Pomades are those products that give a wet look to hair and are most frequently used to relax or smooth down coarse or very curly hair. Marketed often to Latin men or African Americans, products such as Brylcreem (1928), “a little dab will do ya,” Murray’s Hair Dressing Pomade (1925), and Royal Crown are still available at some consumer locations, but also have found a continuing market through Internet sales. Many of these types of products contain petrolatum and mineral oil as their primary ingredients. Highly reminiscent of ancient hair oiling techniques, these types of products easily reference the continuity of hair grooming interests and product ingredients that people have used over millennia.
Texture
Straighteners/ relaxers are chemicals applied to the hair to make the texture or appearance of curly hair smoother. Pomades (usually derived from grease) were the earliest forms of this and offered a temporary smooth appearance by slicking the hair to the head.
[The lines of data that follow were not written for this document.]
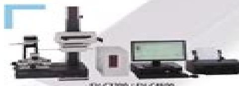
SV-C3200 / SV-C4500
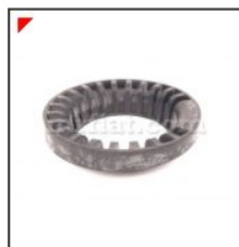
Dino 2400 Rear Rubber Ring
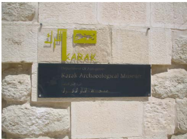
Picture 11. Sign board with Lion
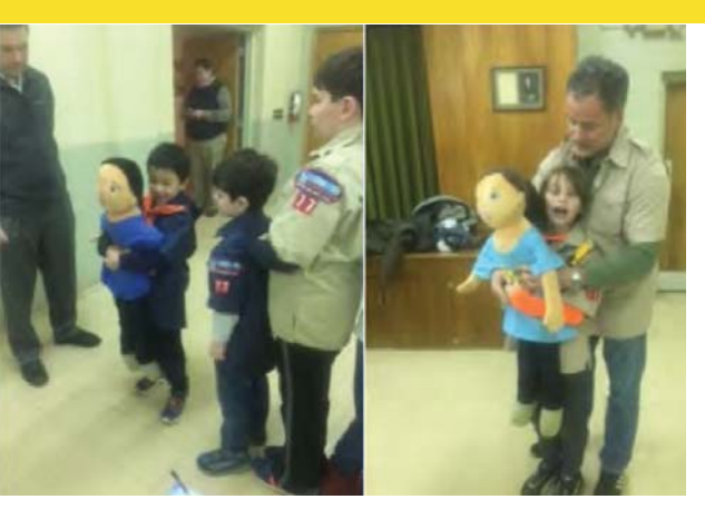
Practice Makes a Lasting Impression
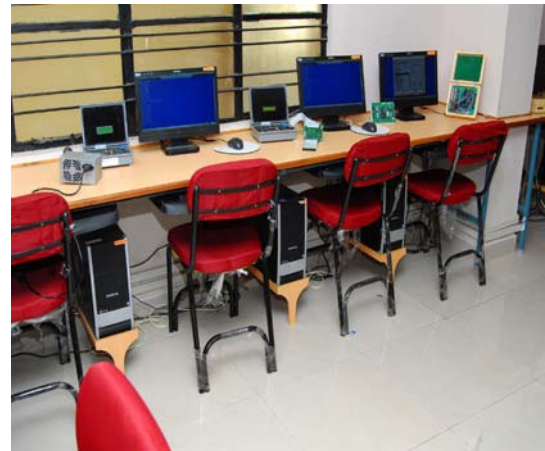
ECA Lab & IC/PDC Lab
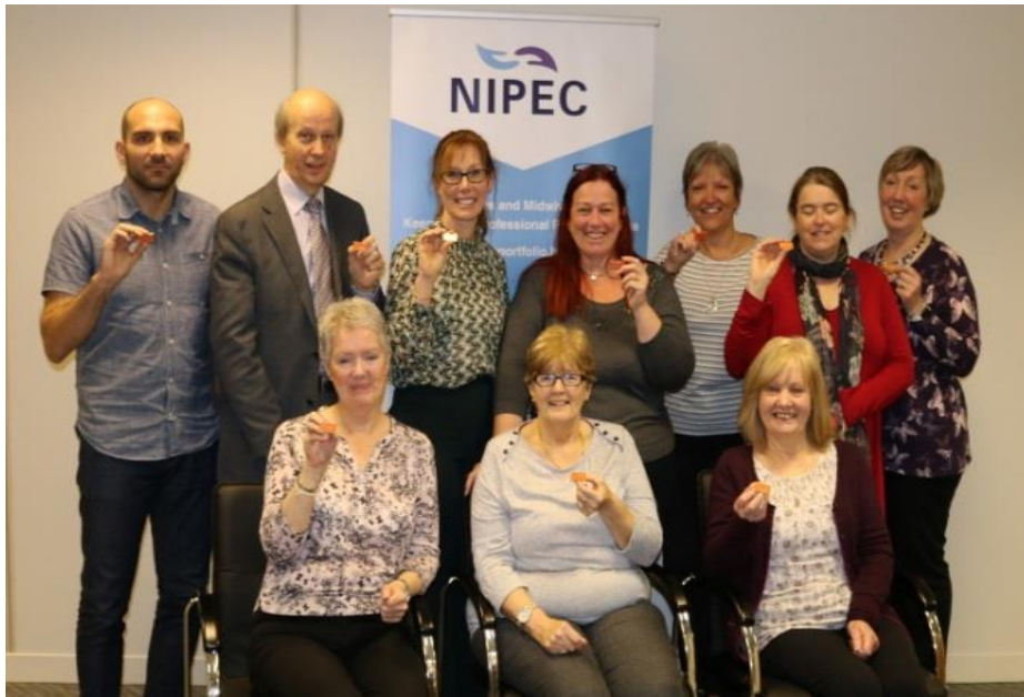
Photo: NIPEC staff awarded Level 1 Quality 2020 Attributes Framework badges

NIPEC co-led the development of the Quality 2020 Attributes Framework (DoH 2014) which supports the implementation of the Quality 2020 Strategy. NIPEC continues to promote the implementation of the Attributes Framework and associated learning and development programmes. We are very proud to have over-achieved on the regional target of thirty percent of staff trained in Level 1 Q2020 Attributes Framework by 31 March 2018; all NIPEC staff, professional and corporate administrative and information officers have completed their Attributes Framework Level 1 training.
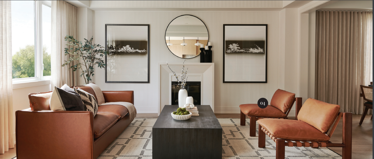
Images for inspiration purposes only and may depict additional upgraded features. All as per Vendor's standard selections. E.&O.E.
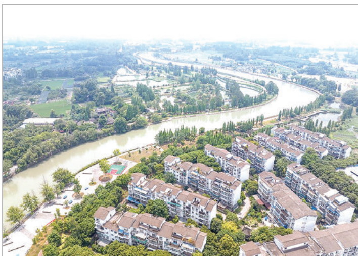
This aerial photo taken on 23 June 2023 shows residential buildings along the Xuyan River, a tributary of Jinjiang River, in Chengdu, capital of southwest China's Sichuan Province.

FEWER Chinese cities reported month-on-month increases in home prices in July, official data showed Wednesday.
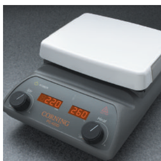
Model PC-420D shown
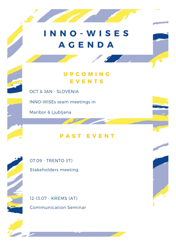
Click on the picture to enlarge it.

The first infographic explains, in four steps, how does INNO-WISEs work to the widest public possible.
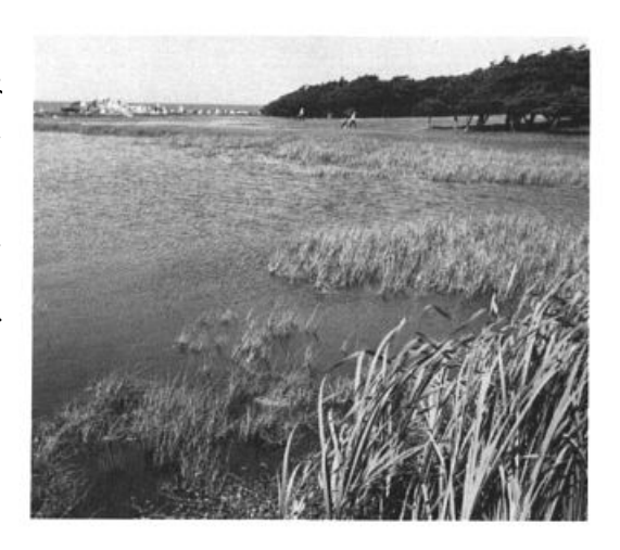
A. Crespi Pond and Golf Course at Pt. Pinos. Emergent vegetaton holds Sora and Virginia Rails (Aug.-Mar.) Cypress Grove trees shelter many rare "eastern" vagrants (Sept.-Oct.).

Oak woodland, redwood canyon and interior grassland habitats are typical of interior valleys of central California, away from the coast. The finest example, close to the Peninsula, is enhanced by its scenic beauty. Robinson Canyon is a tributary valley cut in the south flank of Carmel Valley. It is reached by proceeding east on Carmel Valley Rd. 6 miles from Hwy. 1 turning south across the river on Robinson Canyon Rd., then proceeding for 9 miles. The valley is threaded by a narrow road which twists its way up through coastal redwood groves, oak forest, then out onto oak-studded grasslands successively.
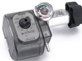
DV-PD1000 DeVILBISS 3 TO 1 CONSERVER
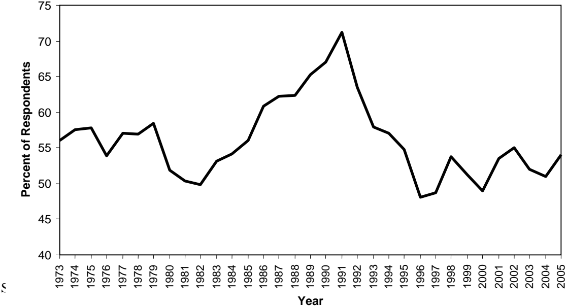
Figure 1. Percent of People who Think Their Country's Membership of the EC/EU is 'A Good Thing'

In other words, the choice is not between reforming the EU to promote political leadership and policy efficiency or reforming the EU to promote more politics and democracy. In reality, one cannot exist without the other. Policy reform will be impossible without more political competition and coalition-formation. In return, a more accountable and popular EU will be impossible unless the EU can live up to the demands and expectations of its citizens, and so undertake policy reforms in our interests.
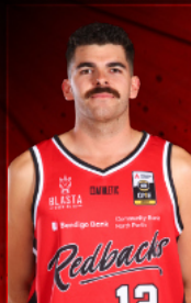
12 COSTEAU KYLE KDK FAMILY LAW
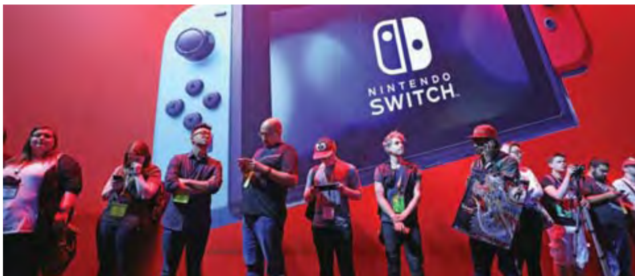
Game enthusiasts and industry personnel walk past the Nintendo Switch exhibit during the Electronic Entertainment Expo E3 at the Los Angeles Convention Center on June 13, 2017 in Los Angeles.

E3 2017 in comparison had more than its share of closet-skeletons coming on the back of the colossal upsets that were 'No Man's Sky' and 'Star Wars: Battlefront'. We won't know if this year's show will succeed in the 'acclaim' department until the games are actually released but for now we can at least enjoy the speculation, hope and wariness the latest E3 as to offer. So without any further ranting - let's get into this year's show's major highs and stinging lows.
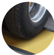
Government & Defence

More permanent straightening solutions came when oil was applied to the hair followed by an iron or hot comb; this created a straight look until the hair came in contact with water or high humidity. In the mid 1800s, chemical straighteners were released that frequently contained very harsh chemicals, including lye, and offered a more permanently smooth result. Around the turn of the 20th century, Madam C. J. Walker became a well-known entrepreneur who formulated, advertised, and sold a variety of hair straightening products for African Americans. Scientific advances have resulted in today’s hair straightening products, which are much less harsh and more effective at achieving permanently smooth hair.
A permanent wave is a combination of curlers and chemicals applied to the hair to change the texture but instead of changing curly hair to straight, it makes straight hair curly. Available at hair salons, as well as through home products like Ogilvie’s Home Perm, permanents have frequently been the butt of jokes when their results don’t match the intent. Quite damaging to hair, both straightening and waving products today attempt to mitigate their damage by conditioning the hair with separate procedures after the curling or straightening agents have been washed away. Many of the conditioners mentioned in various shampoo/crème rinse combinations target hair that is damaged or dry due to permanents and straighteners.